Glacial lakes, though stunning, can hold hidden dangers for nearby communities. A recent scientific paper explores how Central Asian countries assess these hazards to safeguard their people. By understanding the factors that make some lakes more susceptible to catastrophic outbursts, authorities can take practical steps to protect communities.

A Journey Through Central Asian Approaches

In Central Asia, experts refer to “lake hazard assessment,” which is similar to “lake susceptibility assessment.” This first step involves selecting lakes for detailed evaluation. For instance, Uzbekistan assesses lakes above 1500 m a.s.l. that drain into the country. Kazakhstan, since 2015, examines all moraine lakes, while Kyrgyzstan focuses on lakes prone to Glacial Lake Outburst Floods (GLOFs), listed in a national lake atlas. Tajikistan conducts hazard assessments in three stages: preliminary analysis, identifying possible hazards, and analyzing consequences.

Categorizing Lakes for Safety

Central Asian countries categorize lakes based on various characteristics influenced by atmospheric, geological, and hydrological processes. Lakes fall into 2 hazard categories in Kazakhstan, 3 in Uzbekistan and Tajikistan, and 4 in Kyrgyzstan. Expert judgment and field observations, like bathymetry and aerial photographs, guide the categorization process. Parameters like lake type, dam composition, and glacier proximity are considered.
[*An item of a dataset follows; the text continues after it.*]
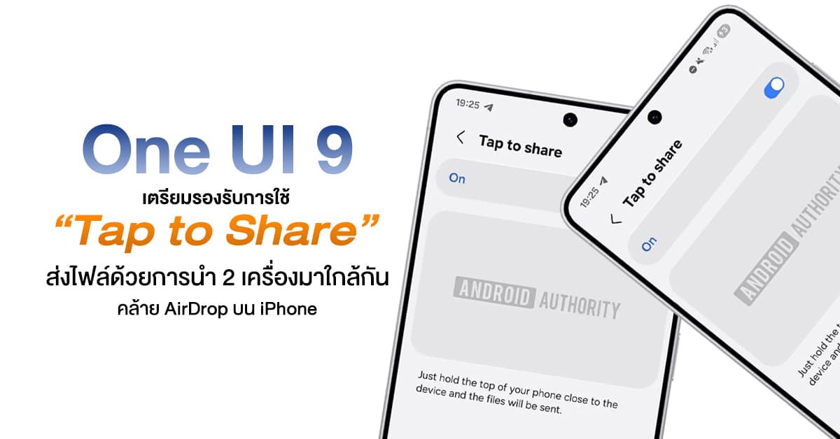 Android Authority ได้เปิดเผยว่าการใช้งานใหม่บน One UI 9 ของ Quick Share จะเป็นส่วนของ “แตะเพื่อแชร์” ซึ่งพบในสตริงระบบและการวิเคราะห์แอป โดยสร้างขึ้นบนพื้นฐานของ NFC นำสมาร์ทโฟนทั้ง 2 เครื่อเข้ามาใกล้กัน โดย NFC จะสร้างการเชื่อมต่อ จากนั้นให้ Quick Share จัดการการถ่ายโอนข้อมูลจริง ซึ่งการทำงานแบบนี้ก็จะเหมือนกับการใช้ AirDrop บน iPhone เมื่อนำทั้ง 2 เครื่องเข้ามาไว้ใกล้กัน

The Hidden Threat of Non-Stationary Lakes

Although non-stationary lakes are fewer, they account for over 50% of catastrophic GLOFs. These dynamic lakes fill up quickly during the ablation period, leading to potential outbursts. The blockage of ice tunnels and subsequent opening of underground runoff channels often cause these outbursts. Lakes aged 20 or more years pose minimal threats, but monitoring remains vital.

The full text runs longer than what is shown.